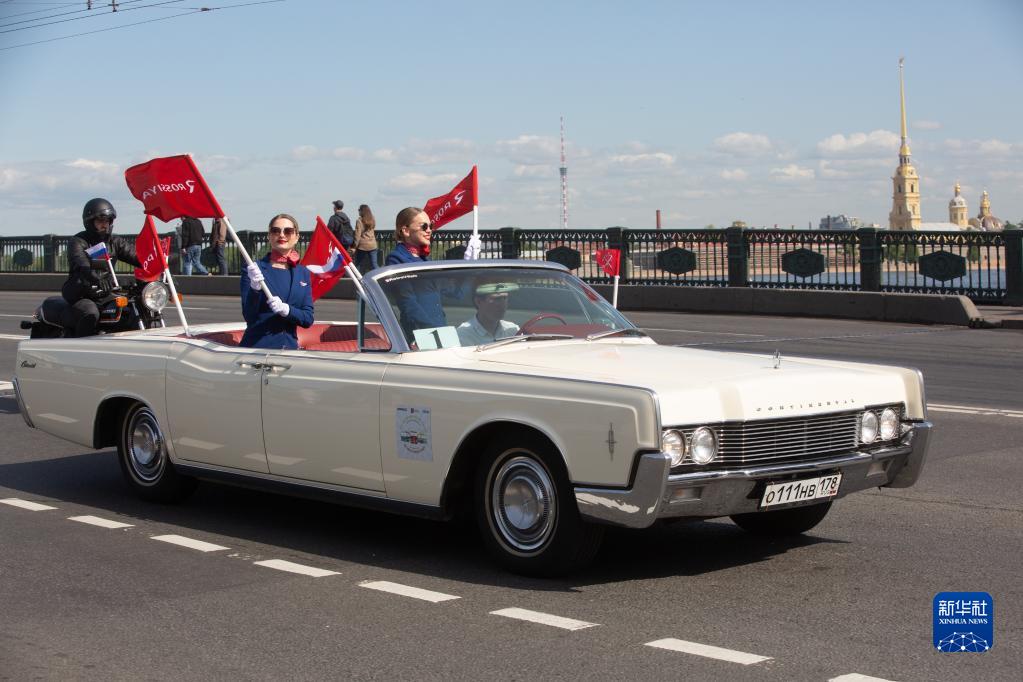 这是5月20日在俄罗斯圣彼得堡街头拍摄的老爷车。
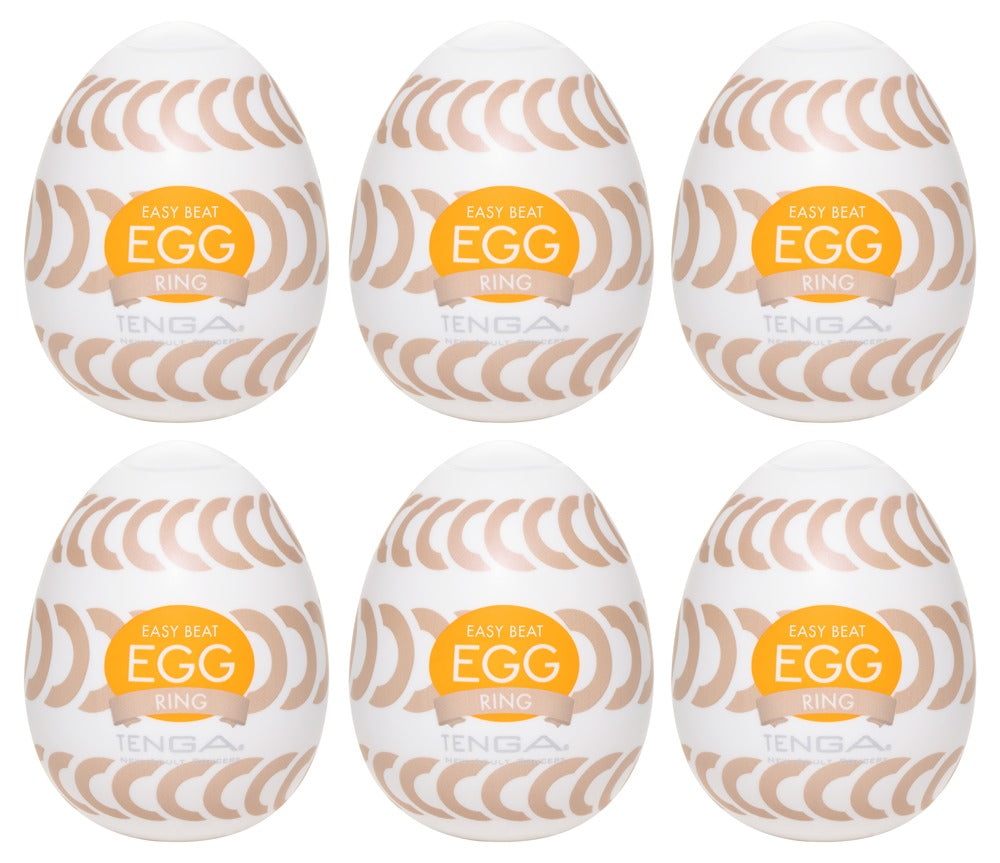 The compact, disposable masturbator Egg Ring from TENGA has a stimulating grooved ring texture inside. The very flexible masturbator sleeve is inside the egg-shaped case and can be used for a hand job with the included lubricant.
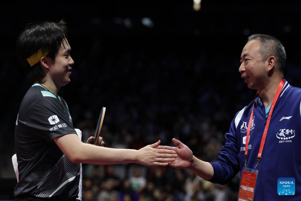 Wang Chuqin (L) shakes hands with his coach during the men's singles bronze medal match of table tennis between Wang Chuqin of Beijing and Yuan Licen of Liaoning at China's 15th National Games in Macao, south China, Nov. 16, 2025. (Xinhua/Liu Xu)
___
= Problem description =
Your answer should reproduce every line of the data verbatim and include no images.

= Reply =
 这是5月20日在俄罗斯圣彼得堡街头拍摄的老爷车。
 The compact, disposable masturbator Egg Ring from TENGA has a stimulating grooved ring texture inside. The very flexible masturbator sleeve is inside the egg-shaped case and can be used for a hand job with the included lubricant.
 Wang Chuqin (L) shakes hands with his coach during the men's singles bronze medal match of table tennis between Wang Chuqin of Beijing and Yuan Licen of Liaoning at China's 15th National Games in Macao, south China, Nov. 16, 2025. (Xinhua/Liu Xu)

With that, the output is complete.